Tipisnya kemungkin Parpol-Parpol di luar PG dan PAN
menemukan kompetitor seimbang melawan dominasi isu DjM dan TB, membuat kita
harus fokus pada dua tokoh ini.
Ada beberapa skenario. PG stand alone mencalonkan Walikota-Wawali dengan kemungkin pasangan
DjM-Nasrun Koto, DjM-Rustam Simbala –politikus PDI Perjuangan (dengan
konsekwensi bila PDI Perjuangan tidak berkoalisi dengan PD, maka Rustam akan
dipecat dari partainya) atau DjM-Hairil Paputungan (HP). Kemungkinan lain, PG
berkoalisi dengan PDI Perjuangan dan mencalonkan DjM-Nasrun Koto atau DjM
Rustam Simbala.
Dari sisi PAN, alternatifnya tak jauh beda.

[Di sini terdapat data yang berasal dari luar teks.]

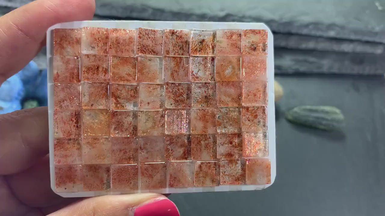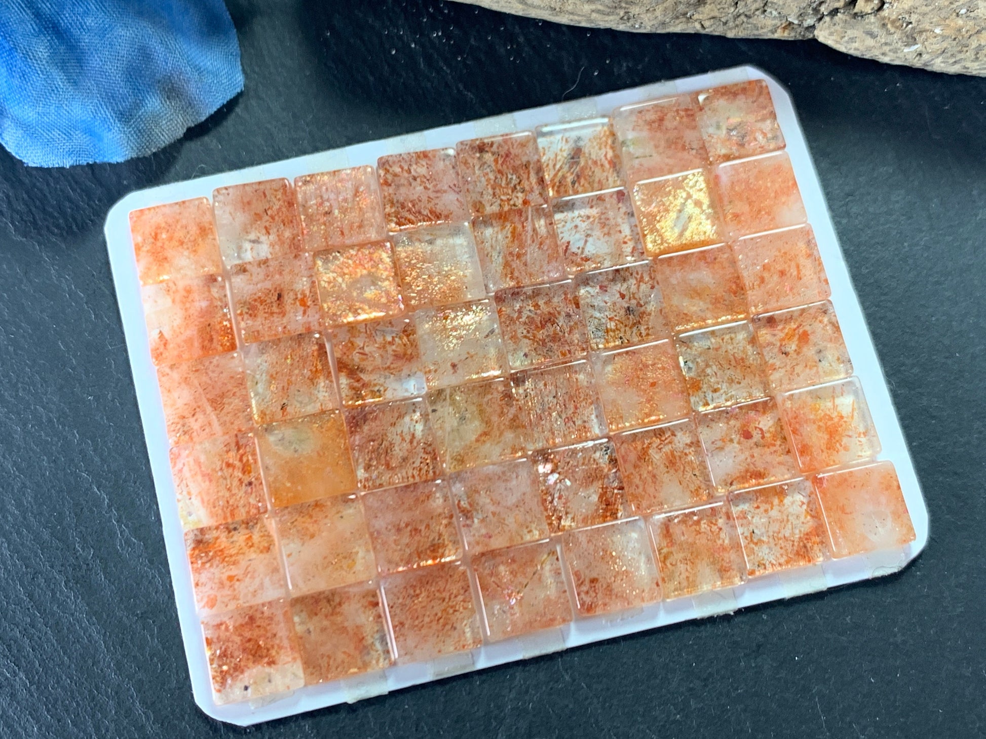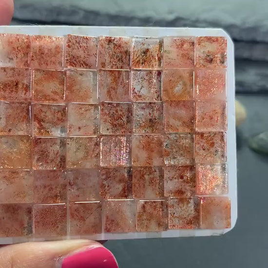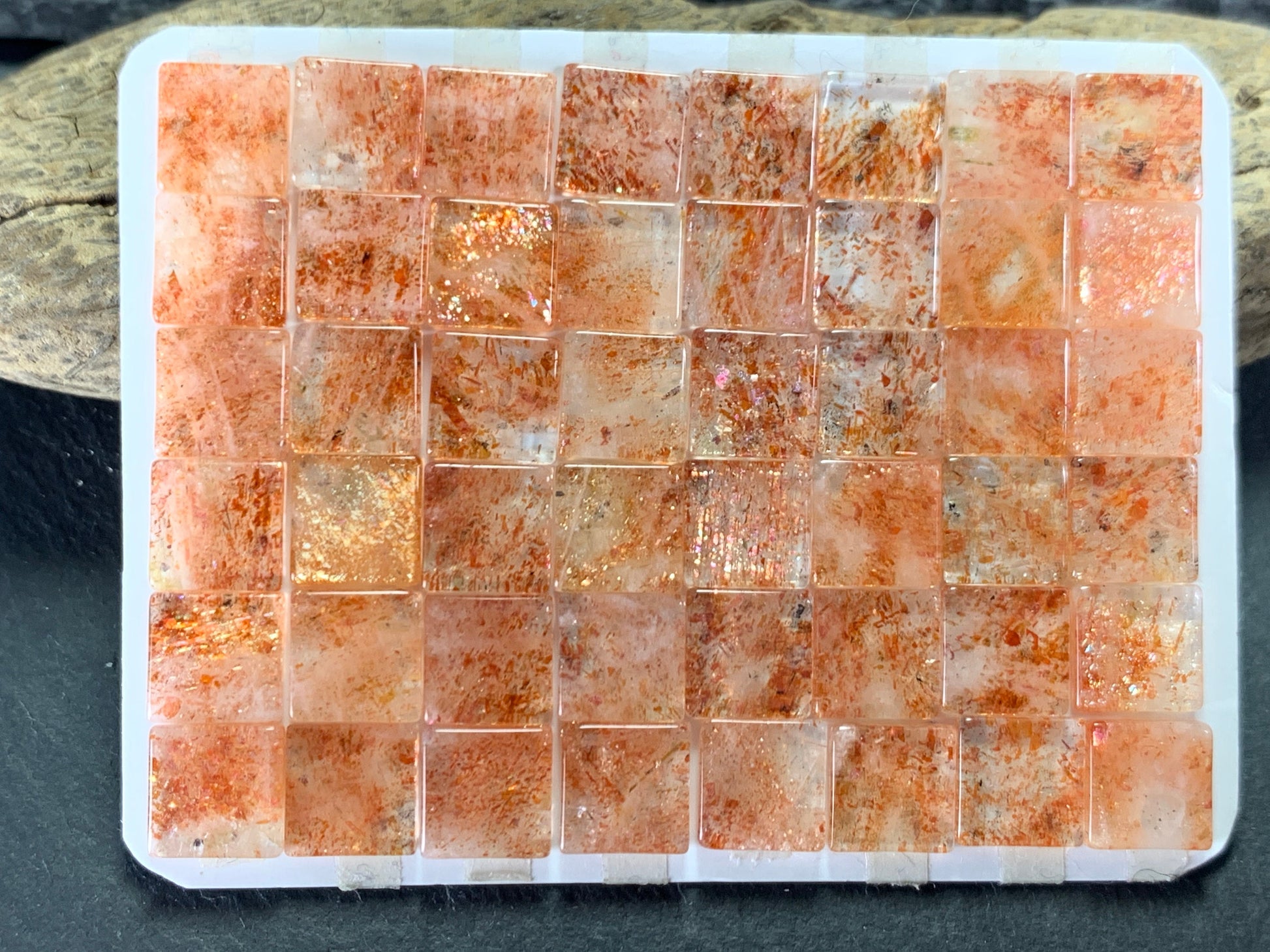 Flat Sunstone square 8mm cabochon - Calibrated cabochons

Bila stand alone, kemungkinan calon yang akan
diajukan adalah TB-JD atau TB-Begie Gobel. Peluang TB mengandeng HP sangat
kecil, karena sejak awal publik KK sudah mengetahui HP memang mengfokuskan approach-nya hanya sebagai calon Wawali
DjM. Sedangkan bila berkoalisi dengan PDI Perjuangan, kemungkinannya adalah
TB-Nasrun Koto atau TB-JD. Saya tidak memperhitungkan Benny Rhamdani (yang tak
kurang gigih menjajakan diri dan sudah mendaftar ke PDI Perjuangan), karena akan
ada penolakan keras dari elit-elit PAN Sulut dan Pusat.

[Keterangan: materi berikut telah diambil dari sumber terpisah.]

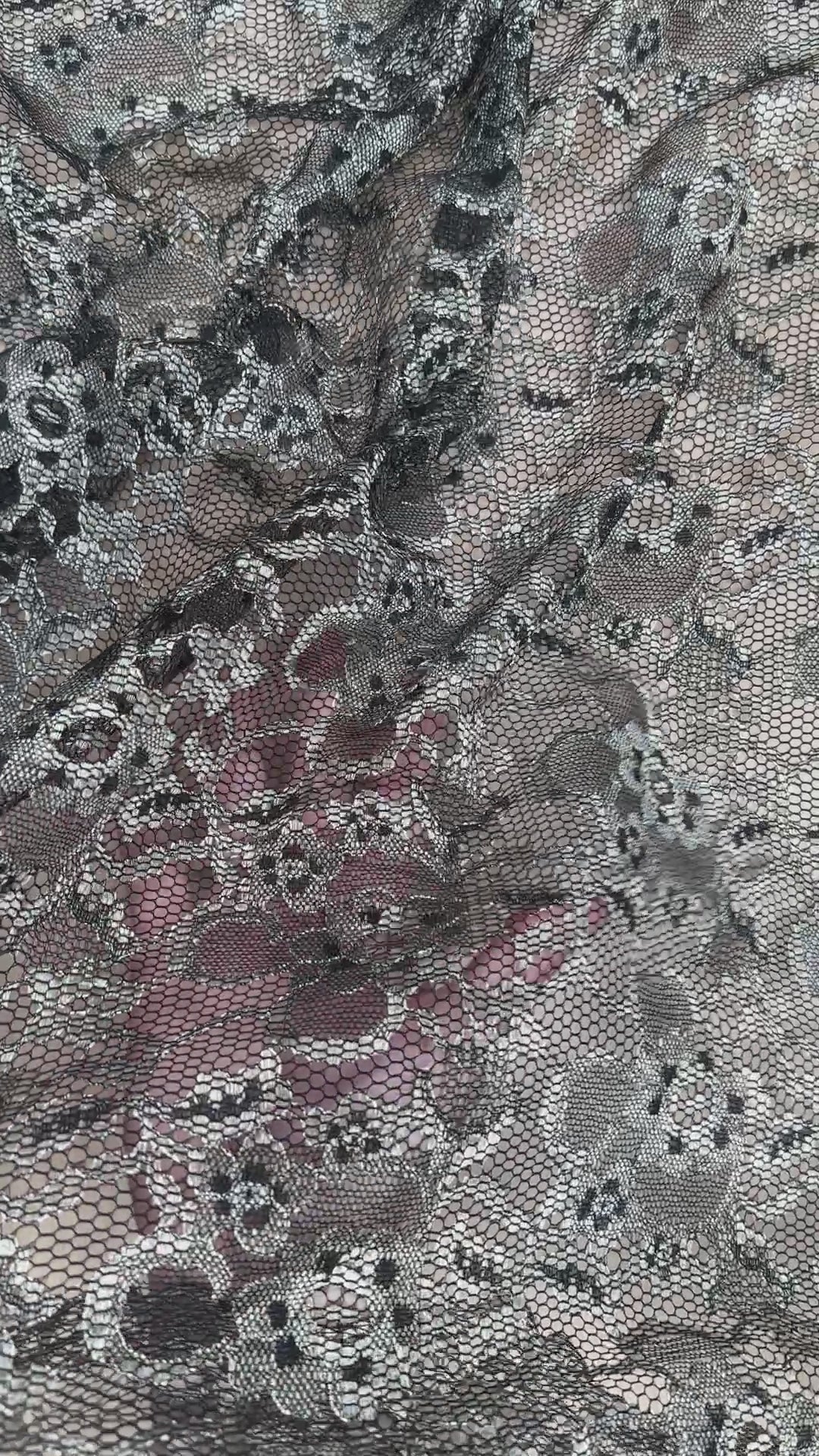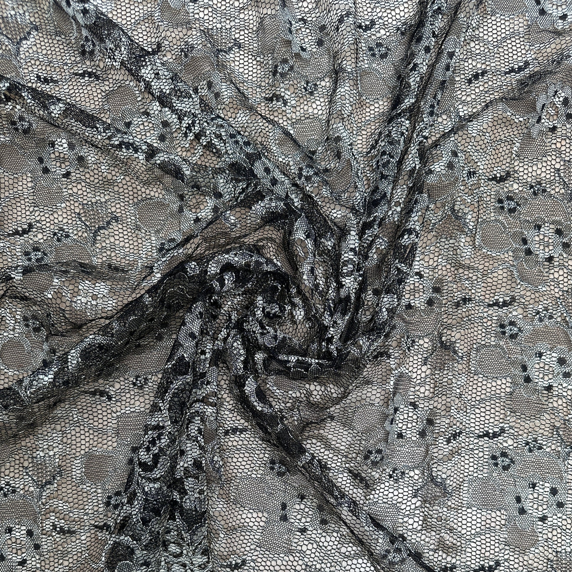 Gold and Black Nylon Floral Lace - Metallic Foil - Deadstock

Kemungkinan-kemungkinan skenario itu semuanya tidak
menimbulkan optimisme publik KK. Yang harus dicatat, baik oleh DjM maupun TB:
Bagi DjM, calon Wawali yang dia pilih adalah sosok yang mampu mengangkat
kredibilitas dan keterpilihannya. Jujur saja, tanpa dikatakan, saat ini tingkat
keterpilihan DjM sudah berada di level
‘’merah’’. Sebaliknya, TB harus memilih calon Wawali yang tidak menggerus
tingkat keterpilihannya, yang kini berada di posisi ‘’hijau’’ karena konstituen
Pilwako KK umumnya sudah muak dengan kepemimpinan dan manajemen kota yang
dipraktekkan DjM.
Di titik inilah posisi politik dan sosial IS diuntungkan.
Sebagai politikus dia dikenal kritis, cukup kredibel, dan diterima luas. Dia
juga datang dari Parpol terkemuka. Bagi DjM, memilih IS berarti menyelamatkan
keterpilihannya dari posisi terjun bebas; sebaliknya untuk TB, memilih IS sama
dengan menambah pundi-pundi modal sosial dan politik.